Несмотря на войну, мне живется довольно неплохо, хотя, выходя, я каждый раз боюсь, что меня схватят и станут допрашивать. Конечно, я каждый день внимательно смотрю на канал. Я отмечаю, когда приходят немецкие военные корабли, а потом, бывает, чувствую мимолетную радость, если кое-кто из них не возвращается в порт. Я освоила азбуку Морзе и быстро приспосабливаюсь, когда приходит новый ключ к шифру — книжечки то оказываются в корзинах с продуктами, то кто-то сует мне их под дверь. Понятия не имею, кто именно их приносит. Знать не знаю и знать не хочу.
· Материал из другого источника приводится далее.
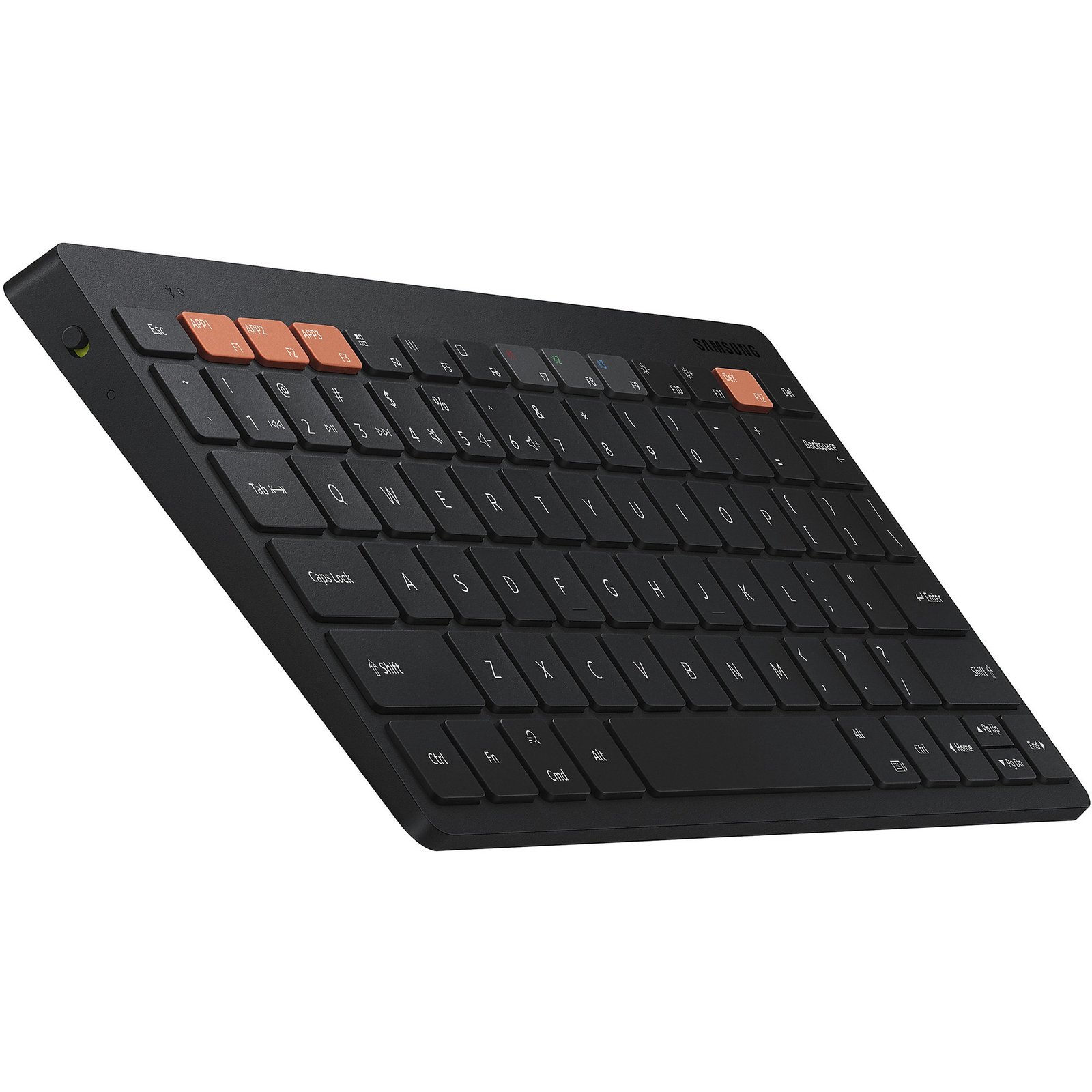 El Samsung Smart Keyboard Trio 500 es el compañero perfecto para la multitarea. Se conecta a hasta tres dispositivos diferentes a la vez, lo que ofrece una amplia compatibilidad y un fácil emparejamiento. Un clic es todo lo que se necesita para cambiar entre teléfonos inteligentes, tabletas y otros dispositivos Bluetooth emparejados. Compacto, elegante y con un diseño de buen gusto, pero repleto de funciones para un alto rendimiento, el teclado inteligente inalámbrico Trio 500 ofrece una experiencia de escritura cómoda dondequiera que esté. Con tres teclas de acceso rápido, puede acceder a las aplicaciones favoritas vinculadas con un solo clic, y con Samsung DeX, puede trabajar con el Smart Keyboard Trio 500 de manera tan productiva como en una PC de escritorio, en cualquier momento y en cualquier lugar.
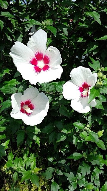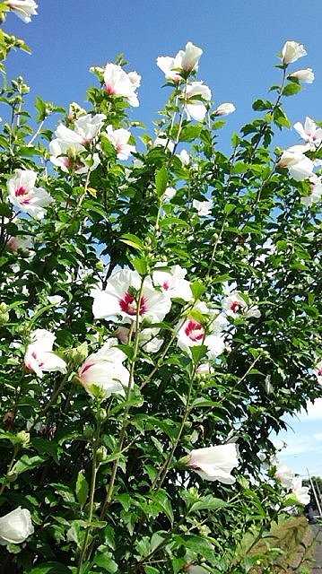 今日のプーさん店長さんとりきちゃん、ぎんちゃんのお散歩から届いたのは木槿の写真です。お花の白と赤、葉の緑のコントラストが夏の訪れを知らせに来てくれているようですね。

Я прячу рацию от Франчески. Женщина она хорошая, но убирать ленится, и я уверена, что ей и в голову не придет отодвинуть тумбочку, чтобы вымыть под нею пол. А если даже и придет, то она, скорее всего, не заинтересуется вырезанным в паркете квадратом. Ее абсолютно не заботит то, что находится за пределами ее мирка. Дети, внуки, соседи — до всего остального ей просто нет дела, даже, пожалуй, до войны, если не считать того, что ее старший внук приближается к призывному возрасту, а она сама терпеть не может маргарин, который теперь полностью вытеснил настоящее масло.
Помимо ежедневных отчетов я занимаюсь ребенком и в хорошую погоду хожу гулять, а в последнее время она просто замечательная. Вернулись ласточки, я наблюдаю, как они снуют и кружат над головой, их пронзительные крики разносятся по городу. Обычно я сажаю Анджело в коляску и везу в ближайший парк посмотреть на голубей и на проходящие по каналу Джудекка корабли. Он стал чересчур подвижным, все время хочет бегать и пытается ловить этих самых голубей. Как минимум раз в неделю я выезжаю в Лидо и теперь беру сына с собой. Графиня просто обожает Ханни и балует ее до невозможности, но девочка все равно тоскует по родителям, и с этим ничего не поделаешь. Она держится и старается быть благодарной, но при этом все равно остается ранимым ребенком. Видно, как сильно девочка переживает, то и дело спрашивая о своей семье.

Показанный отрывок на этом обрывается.